* **Work task**
Given the records below, the lines starting at the line with "Suffisamment robuste pour" and ending at the line with "وظهر لاعب المنتخب" should be output exactly, both end lines kept and pictures left out.

* **Data for the task**

::::::::::

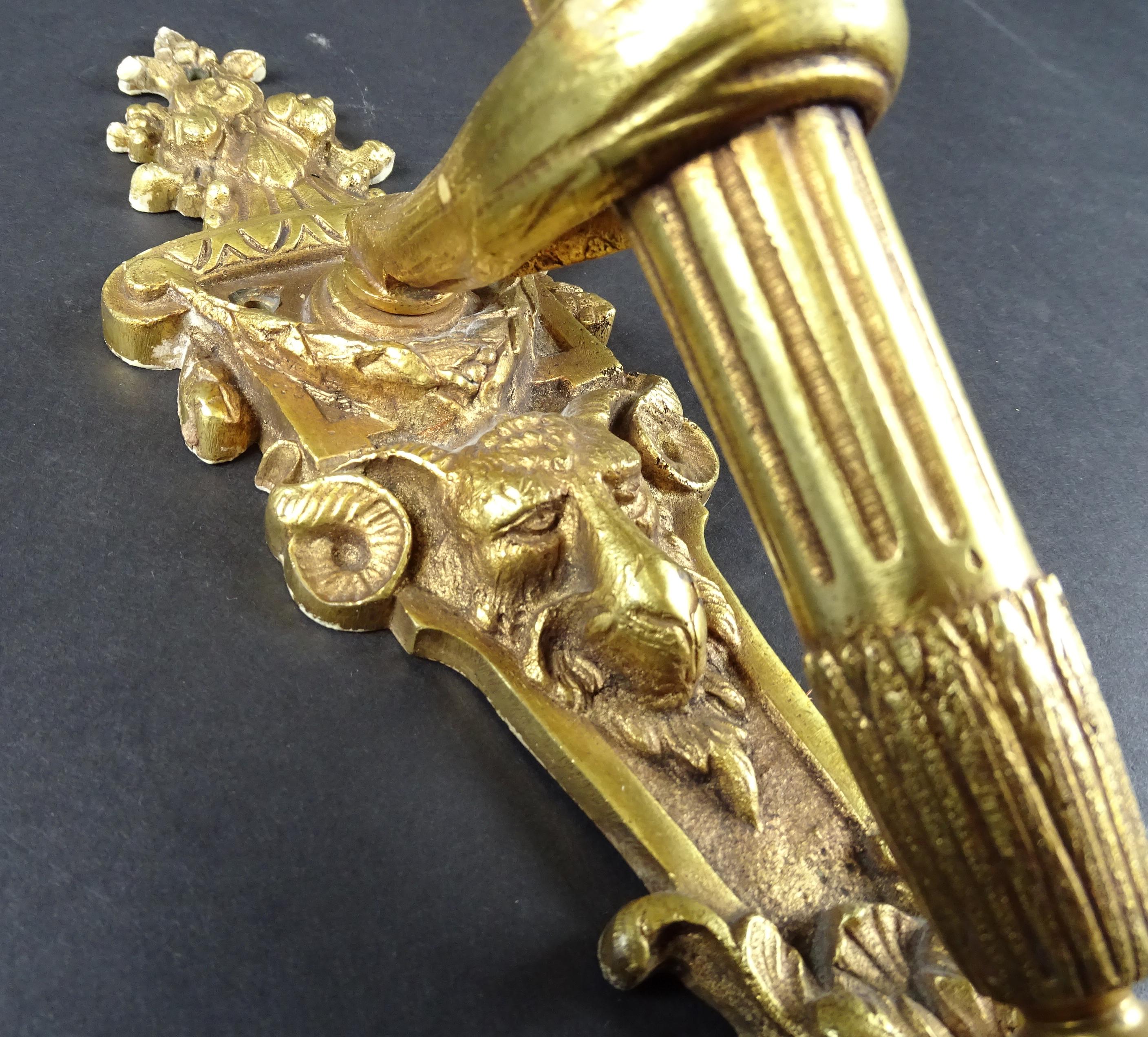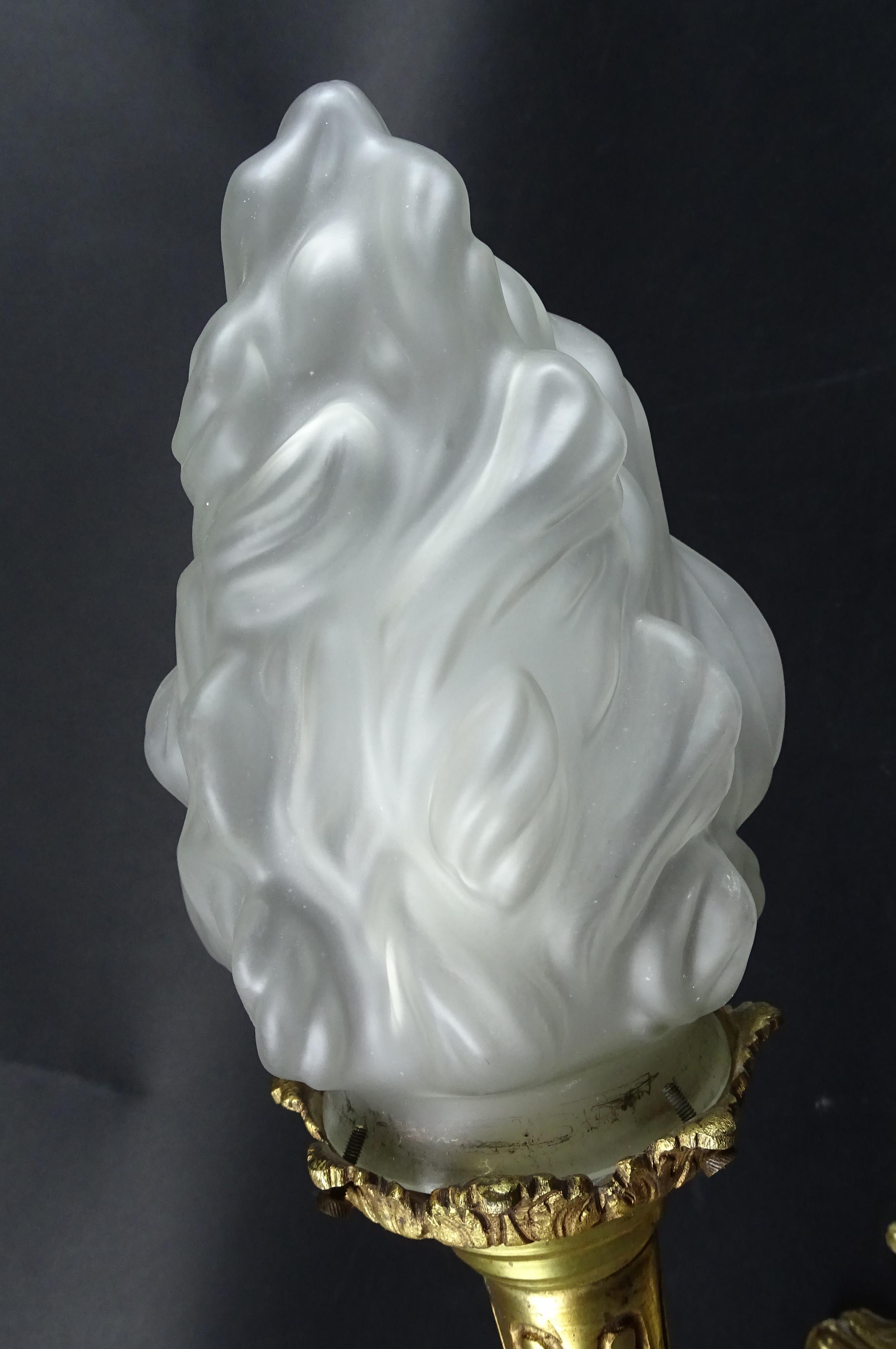 Meuble: Applique flambeau en bronze avec bobèche en verre maté H:48cm
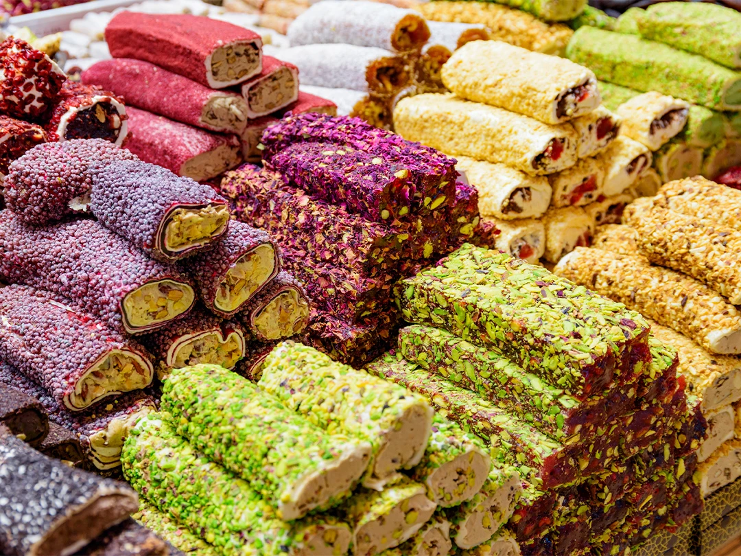 Один из самых популярных локальных десертов к чаю — кюнефе. Эту невероятно фотогеничную сладость из турецкого (кадаифского) теста и несолёного козьего сыра томят в медовом сиропе, а потом посыпают измельчёнными фисташками.
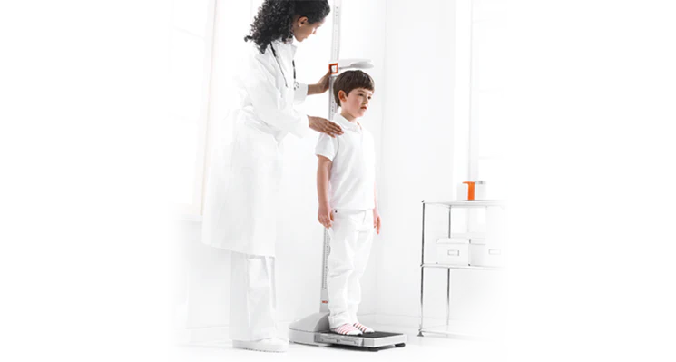 Suffisamment robuste pour assurer des résultats précis, tout en étant assez léger pour être facilement transporté, le Seca 877 présente toutes les qualités requises. Son revêtement antidérapant en caoutchouc à picots assure une sécurité totale
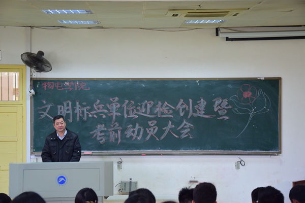 于十教附一202召开文明标兵单位迎检创建暨考前动员大会。院党委书记周文革、副书记邓辉及学工办吴秋霜老师出席此次会议。参加会议的还有院团委学生会各级干部和足球吧
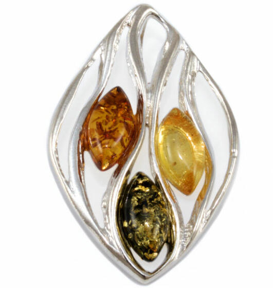 Modern stílusú, áttört kialakítású, borostyán kővel ékített, mutatós ezüst medál.
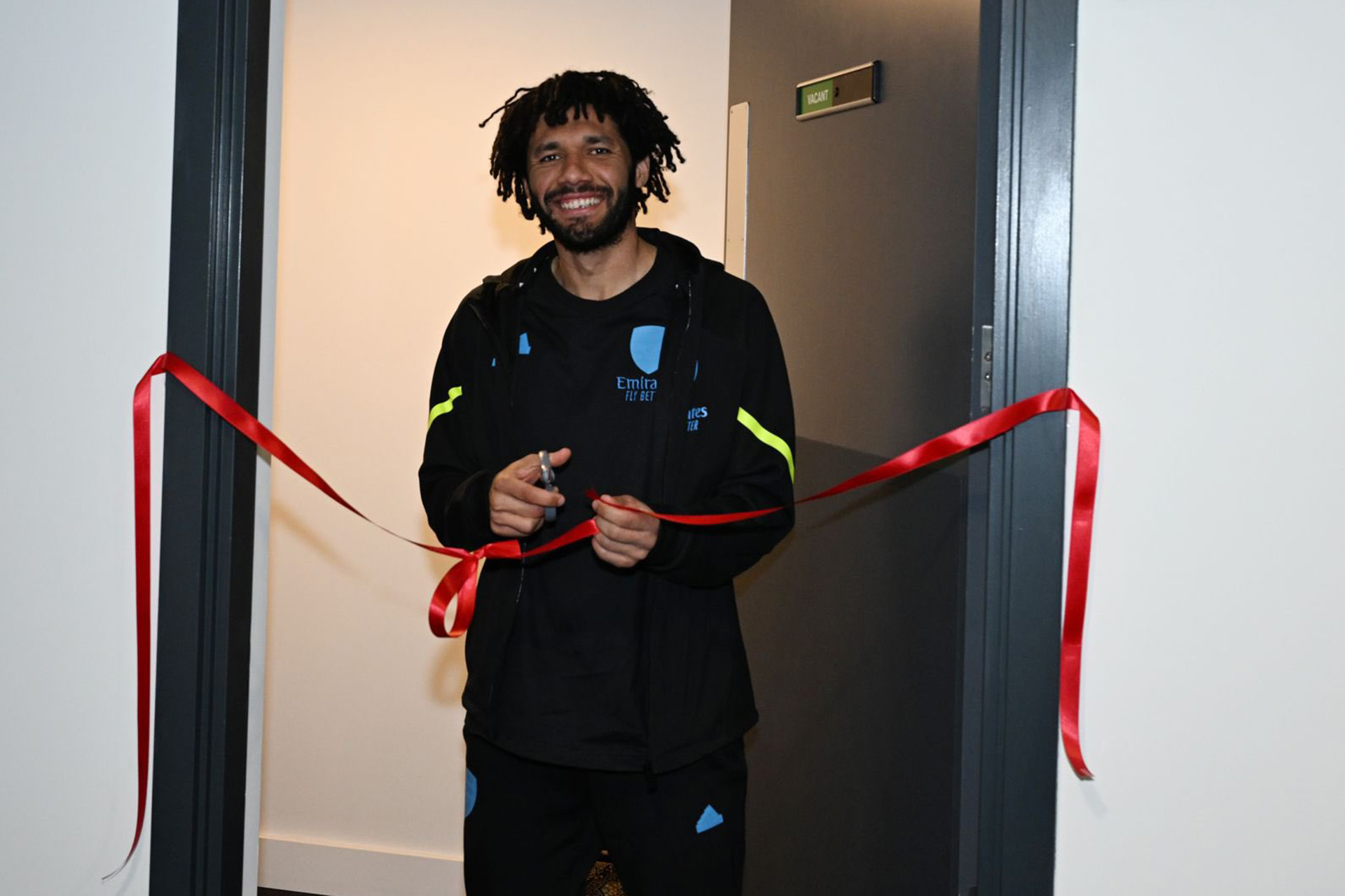 وظهر لاعب المنتخب المصري وهو يحمل مقصا افتتح به غرفة الصلاة التي قام باستعراضها في مقطع فيديو، موجها الشكر لإدارة وفريق العمل بنادي أرسنال.
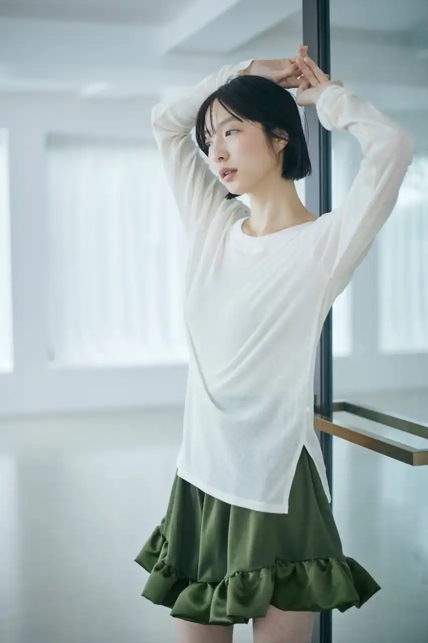 『OPEN BACK SHEER LOUNGE TOP』とのレイヤードで、素肌の美しさが引き立つ、気品を感じるスタイルに。 |
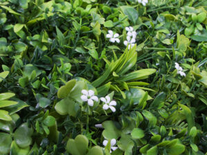 Jardín vertical de plantas sintéticas, imitación de follaje y flores de jazmín. Respaldado con una malla de plástico semirrígida. Fácil de instalar y altamente resistente.
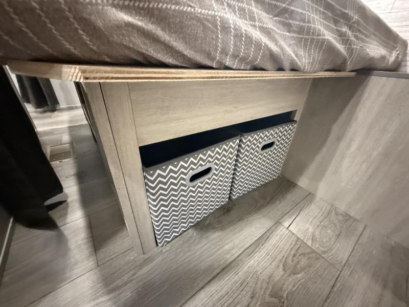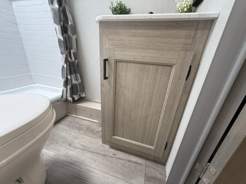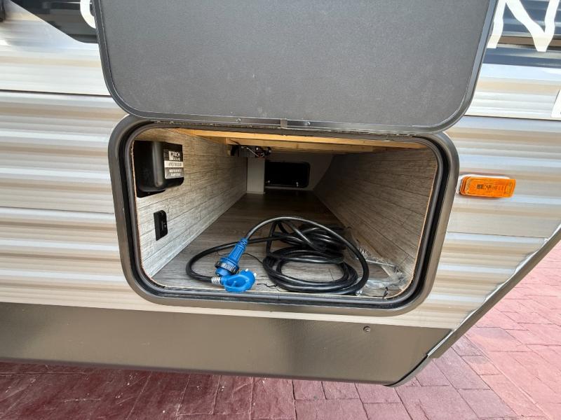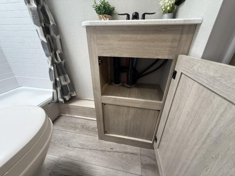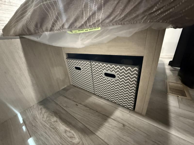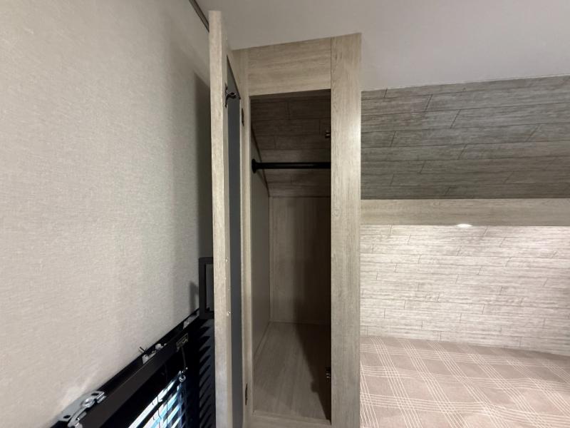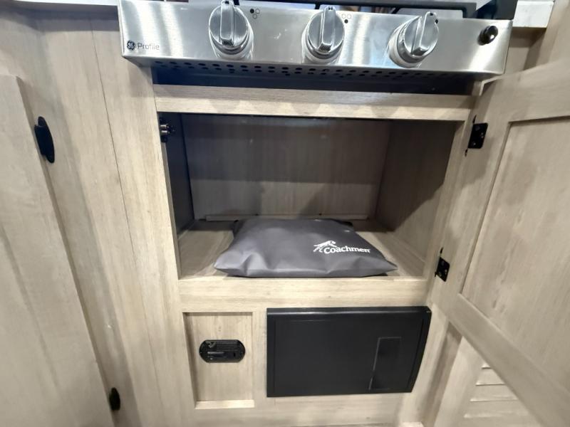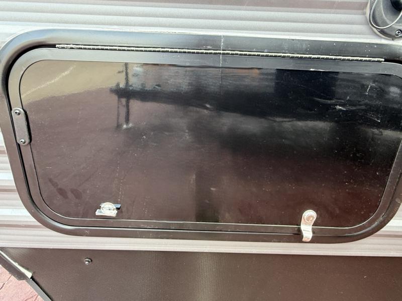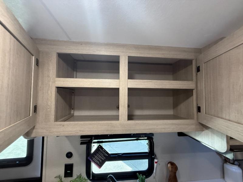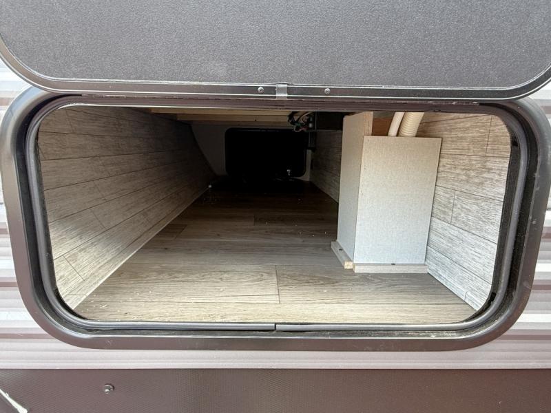 This is the perfect mid-size travel trailer for you and your family! The 46" x 74" double-size bunk beds with lower interior storage offer a comfortable sleeping space for the kids and you will have your own private sleeping space with the 60" x 74" queen bed in the front private bedroom. Freshen up each morning in the rear corner bathroom with the tub/shower and a mirror to get ready each morning. You can prepare your best home cooked meals with the GE stainless three burner cooktop and GE stainless 10.7 cu. ft. 12V refrigerator, then enjoy them together at the booth dinette. The sofa is near the entertainment center for a relaxing movie night. Don't leave any of your outdoor gear behind either thanks to the front pass-through storage area and the exterior outside storage area. You could even add the optional outside camper kitchen to grill the catch of the day on the pull out griddle!

::::::::::

* **Result below**
 Suffisamment robuste pour assurer des résultats précis, tout en étant assez léger pour être facilement transporté, le Seca 877 présente toutes les qualités requises. Son revêtement antidérapant en caoutchouc à picots assure une sécurité totale
 于十教附一202召开文明标兵单位迎检创建暨考前动员大会。院党委书记周文革、副书记邓辉及学工办吴秋霜老师出席此次会议。参加会议的还有院团委学生会各级干部和足球吧
 Modern stílusú, áttört kialakítású, borostyán kővel ékített, mutatós ezüst medál.
 وظهر لاعب المنتخب المصري وهو يحمل مقصا افتتح به غرفة الصلاة التي قام باستعراضها في مقطع فيديو، موجها الشكر لإدارة وفريق العمل بنادي أرسنال.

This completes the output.